Trotoar bermasalah karena pejalan kelas bawah
Pemerintah DKI enggan menciptakan trotoar nyaman lantaran menganggap pejalan kaki kelas bawah.
Gubernur DKI Jakarta Fauzi Bowo Februari lalu melansir sebuah pernyataan tentang rencana uji coba trotoar percontohan di beberapa tempat di Jakarta. Dia menyatakan penertiban akan dimulai bulan ini.
Fauzi mengajak berbagai pihak terlibat dalam perumusan dan pelaksanaan di lapangan. Salah satu tokoh yang diundang adalah Marco Kusumawijaya, pendiri sekaligus Direktur Ruang Jakarta (RUJAK): Centre for Urban Studies, sebuah lembaga yang fokus pada kajian tata kota.
Saat ditemui di kantornya di kawasan Menteng, Jakarta Pusat, pada Kamis siang pekan lalu Marco mengaku hanya diundang sekali membahas hal itu oleh Badan Perencana Pembangunan Daerah (Bappeda) atas nama Gubernur. “Iya saya diundang, itu tanggal 28 Maret, kemudian saya bicara tentang semua masalah trotoar dan tata ruang seperti dalam forum yang mengundang saya atau dalam tulisan blog saya, tidak ada bedanya,” ujarnya kepada merdeka.com dibarengi tawa panjang.
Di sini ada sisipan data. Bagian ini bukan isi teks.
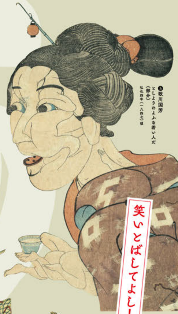
●歌川国芳 としよりのよふなを悪し人だ (部分) 弘化四年(一八四三)頃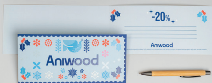
23 Gama tarjetas > Tarjetas de invitación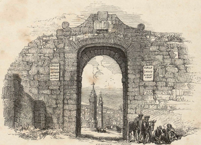
Arco de los Gigantes, Antequera.

¡ Cuan solitaria la nacion que un dia Poblara inmensa gente ! ¡ La nacion cuyo imperio se estendia Del Ocaso al Oriente ! Lágrimas viertes, infeliz ahora, Soberana del mundo, ¡ Y nadie de tu faz encantadora Borra el dolor profundo !—ESPRONCEDA.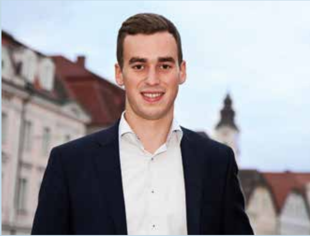
Bürgermeister Severin Mair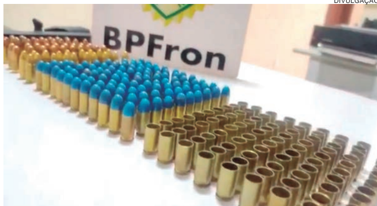
CARTUCHOS intactos e deflagrados foram apreendidos junto com pneus contrabandeados e um rádio comunicador

Durante uma ação desencadeada no domingo, (14) policiais militares do BPFron apreenderam pneus contrabandeados, munições, carregador e um rádio comunicador. O trabalho aconteceu durante um patrulhamento pela cidade de Cafezal do Sul (38 quilômetros de Umuarama), quando abordaram um homem de 29 anos em uma residência. No local foram apreendidas 154 munições de calibre 9 milímetros intactas, além de 92 estojos deflagrados e ainda 14 munições de calibre 380, intactas, um carregador com capacidade para 30 cartuchos e duas empunhaduras com um alimentador e um rádio transmissor veicular. Os policiais encontraram no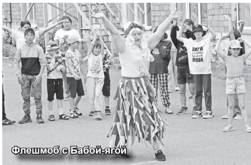
Флешмоб с Бабой-ягой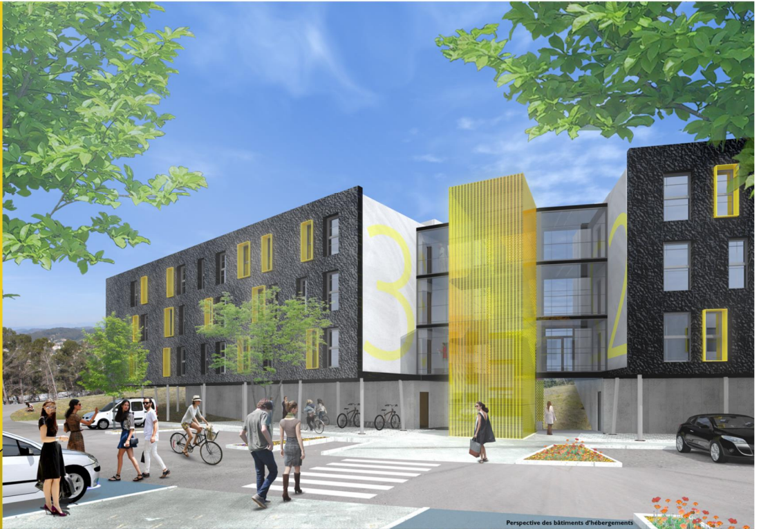
Perspective des bâtiments d'hébergements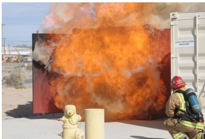
Slika 5. Backdraft.[11]

Povratno prostorno buknuće je vrlo opasno za vatrogasce i druge osobe koje se nalaze u blizini požara, jer se eksplozija može dogoditi bez upozorenja i stvoriti vrlo visoke temperature, plamenove i eksplozije koji se šire prostorijom. Zbog toga je važno da vatrogasci i druge osobe koje se bore protiv požara pažljivo planiraju svoje aktivnosti i upotrebljavaju odgovarajuće mjere sigurnosti kako bi se izbjegle situacije koje bi mogle dovesti do povratnog prostornog buknuća.[8]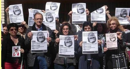
IES Bahía de Babel (Alacant)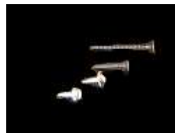
Parafusos, Rebites, Buchas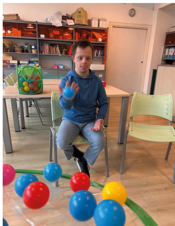
Un ragazzo di Noi Genitori durante un'attività in sede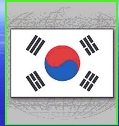
Флаг Республики Корея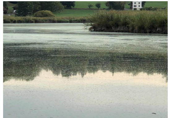
Abb 3a und b: Lützelsee 28.8.2018; Aphanizomenon flos-aquae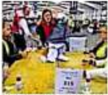
En 2014, Escocia celebró uno con alta vinculación. (Javier Ovando)

La ministra principal de Escocia, la nacionalista Nicola Sturgeon, afirmó que "a finales de esta semana" presentará la "propuesta democrática" para solicitar formalmente al gobierno británico la celebración de un segundo referéndum de independencia en Escocia. En un discurso ante el Parlamento escocés, Sturgeon señaló que es resultado de las elecciones del 12 de diciembre, en las que los conservadores ganaron con mayoría absoluta, y su formación, el Partido Nacionalista Escocés (SNP), obtuvo la mayoría de apoyos en Escocia, demuestra que "el futuro" que desean los escoceses "es muy diferente al de gran parte del resto del

Trotoar di Jakarta merupakan persoalan rumit. Jangankan membicarakan tentang ketersediaan trotoar ramah untuk pejalan, yang ada sudah dikuasai pengendara motor. Belum lagi ulah sebagian orang yang menghalang-halangi pejalan kaki dengan memasang pot bunga atau taman di tengah trotoar.
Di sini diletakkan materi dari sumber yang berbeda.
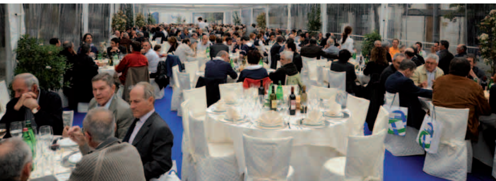
Un momento del pranzo sociale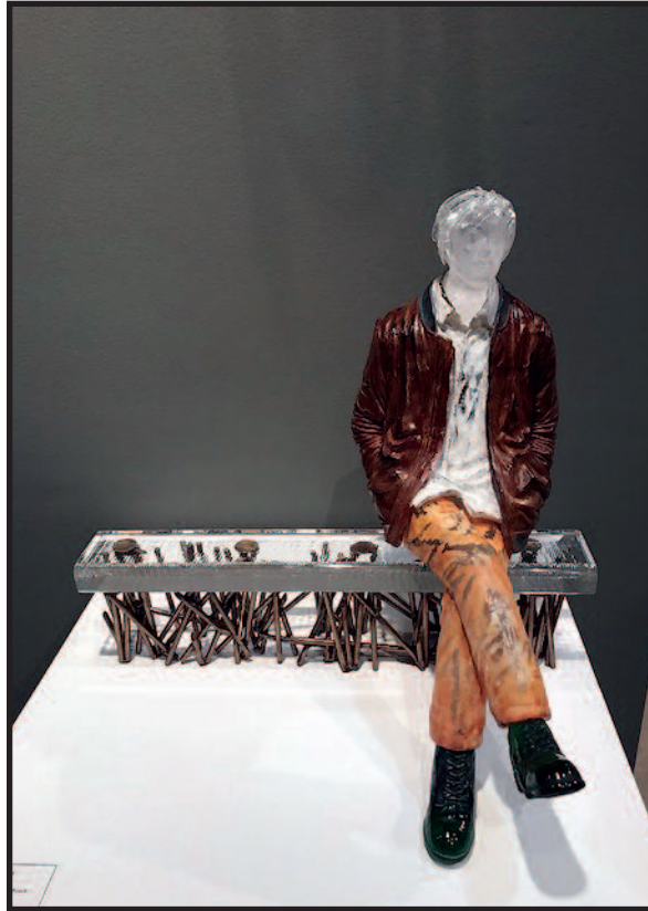
Vieno iš populiariausių SOFA menininkų – korėjiečio Sung-Won Park stiklo skulptūra.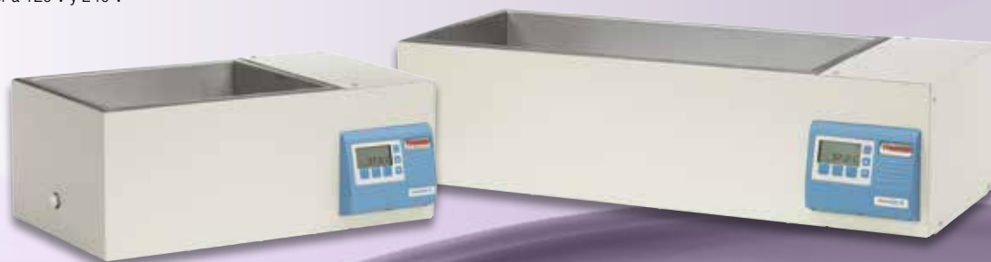
Baño de agua COL 35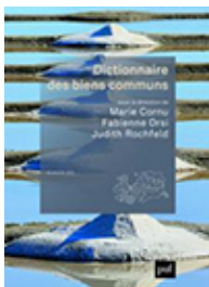
Dictionnaire des biens communs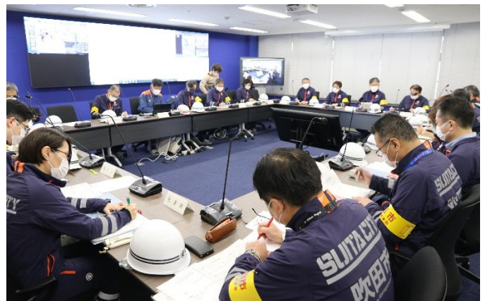
災害対策本部会議

以前は数時間かかっていた災害対策本部体制の構築が約30分で完了。速やかに情報収集を開始し、訓練開始から約60分後には、第1回の災害対策本部会議を開催することができました。また、自衛隊や警察等の参画を得て、円滑な受入や情報連携についても確認を行いました。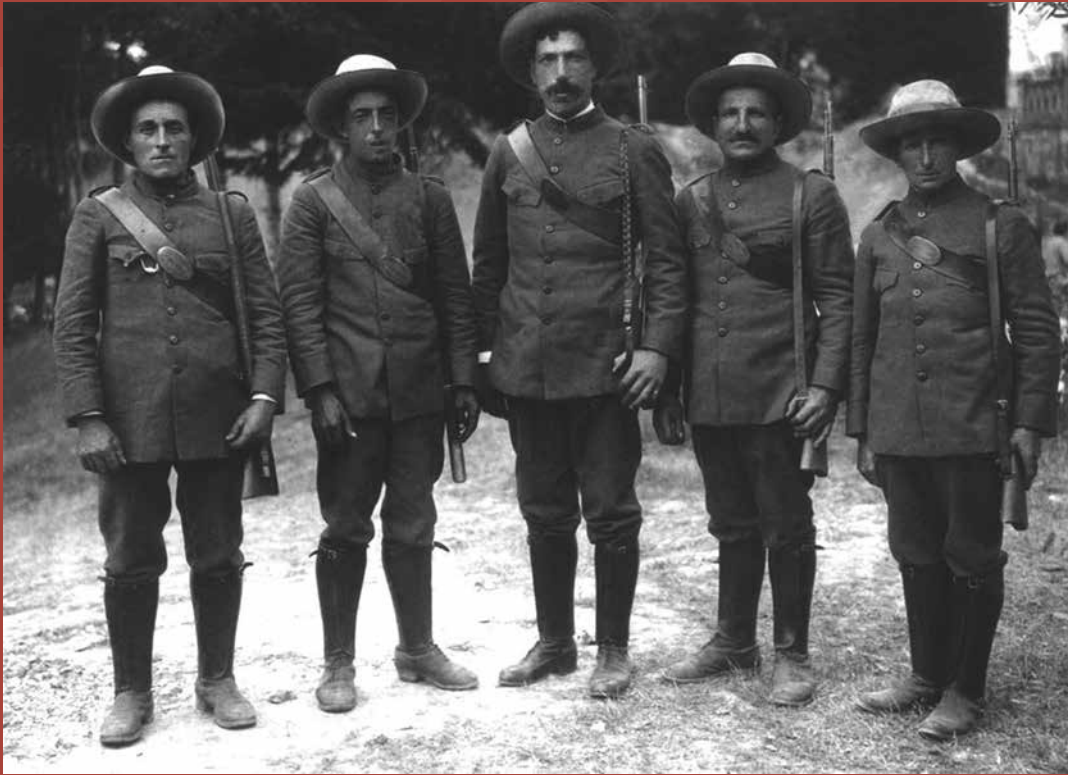
First rangers of the Picos de Europa National Park 1918

Menurut Marco, yang bersepeda ke kantor, Jakarta adalah kota penuh stratifikasi kelas. Pejalan kaki yang identik menggunakan angkutan umum dianggap kelas bawah. Karena stratifikasi kelas itu, kata dia, mereka tidak mendapatkan pelayanan memadai.
Sukris Triyono, Kepala Satuan Tugas Polisi Pamong Praja Kecamatan Senen, mengaku pihaknya sudah mengerahkan segenap upaya buat menciptakan pedestrian tertib dan aman di wilayahnya. “Kendala kami masih kurang personel. Sekarang sekitar 90 orang, sedangkan kebutuhan minimal kurang lebih 140 orang,” ucapnya.
Rujak memperkirakan Satuan Polisi Pamong Praja seluruh Jakarta saat ini sekitar tujuh ribu personel. “Kota ini harus dirawat terus, tidak bisa dirawat dengan proyek. Masak, untuk menertibkan trotoar harus pakai uang proyek, bukankah itu tugas rutin,” katanya.
Menurut Marco, salah satu upaya menertibkan trotoar, aparat pemerintah harus cepat cepat menangkap sinyal permasalahan sekitar. Dia mencontohkan 240 lurah se-Jakarta bisa keliling dua jam saban hari buat melihat kondisi trotoar di daerahnya.